At grad class we are doing one of my favorite activities to
throw at the kids: Shut up and color. My professor doesn't call it Shut Up and Color, but that's
essentially what we're doing.
Unfortunately, this is the kind of activity that clues my classmates in
to just how twisted, warped, and depraved I truly am, so after we Shut Up and Color, I'm probably going to
want to do the No One Can See Me Duck and
Cover defensive maneuver.
Let me start at the
beginning.
We have a young adult novel assigned to us. It's a book that has very little plot,
nothing really happens, and the ending jumps ahead fifteen years without any
explanation whatsoever. Characters are
introduced by name, dozens of them, only to have these characters disappear
from the remainder of the book. There
are so many holes in this book that a fully-loaded pellet gun couldn't have
done a finer job. In short, the book is
packed with pretentious, purple prose juxtaposed with the theme of death, all
death, nothing but death -- the earth dies, crops die, people die, whales die,
birds die, and the storyline commits massive hari-kari by the fifth chapter. It is a story about what happens if Earth's
rotation slows down so much that days are 60 hours long and everything,
absolutely everything except most of the people, amazingly enough, dies.
In simplest terms, I
hate it.
Our job for this class is to redesign the cover. Right now the book has a standard cover with
a silhouetted face. You know, like the
cover of so many other disenfranchised young adult novels (Things Not Seen, Speak …) We
have our crayons, markers, and our colored pencils (I brought along a dozen
sharpened pencils), and we're ready. I
even charged myself up with an iced coffee.
We are about five minutes into the activity when I look
around at my own group, peeking over the protective arms they flung to block
others' views.

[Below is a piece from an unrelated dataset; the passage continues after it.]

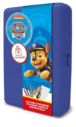 Multiprint Pochette Trousse Paw Patrol Boy, Made in Italy, 3 Timbres et Crayons, Livre de Coloriage, Tampons Enfants, en Bois et Caoutchouc Naturel, Encre Lavable Non Toxique, Idée Cadeau, Art.85903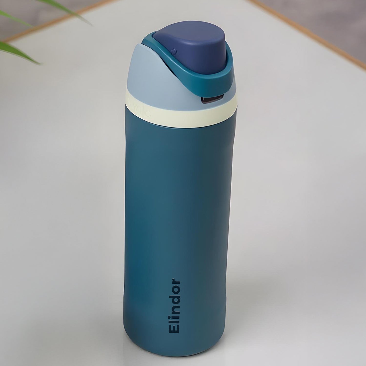Cana Termos cu Gura Dubla Elindor® din Otel Inoxidabil, Izolatie cu Pereti Dubli, Deschidere Capac prin Apasare de Buton, Capacitate 710 ml, Rezistenta la Scurgeri, fara BPA, Ideala pentru Apa, Ceai, Cafea sau Smoothie, Albastru Verzui

I see sunshine, phases of
the moon, and all kinds of positive imagery.
I peek down at my own paper.
Uh-Oh.
My newly redesigned cover idea is desolate. It's warped.
It has tints of blood-color in it.
There is a dead bird front and center, and the only thing green on the
cover is the warped-from-the-sun house.
The professor is making the rounds, oohing and aaahing and
saying wonderful commentary to the others.
Until she gets to mine, that is.
She stands behind me, wringing her hands but with the slightest hint of
amusement. "Oh," she smirks,
"What are we going to do with you?
I can't wait to hear you explain this one."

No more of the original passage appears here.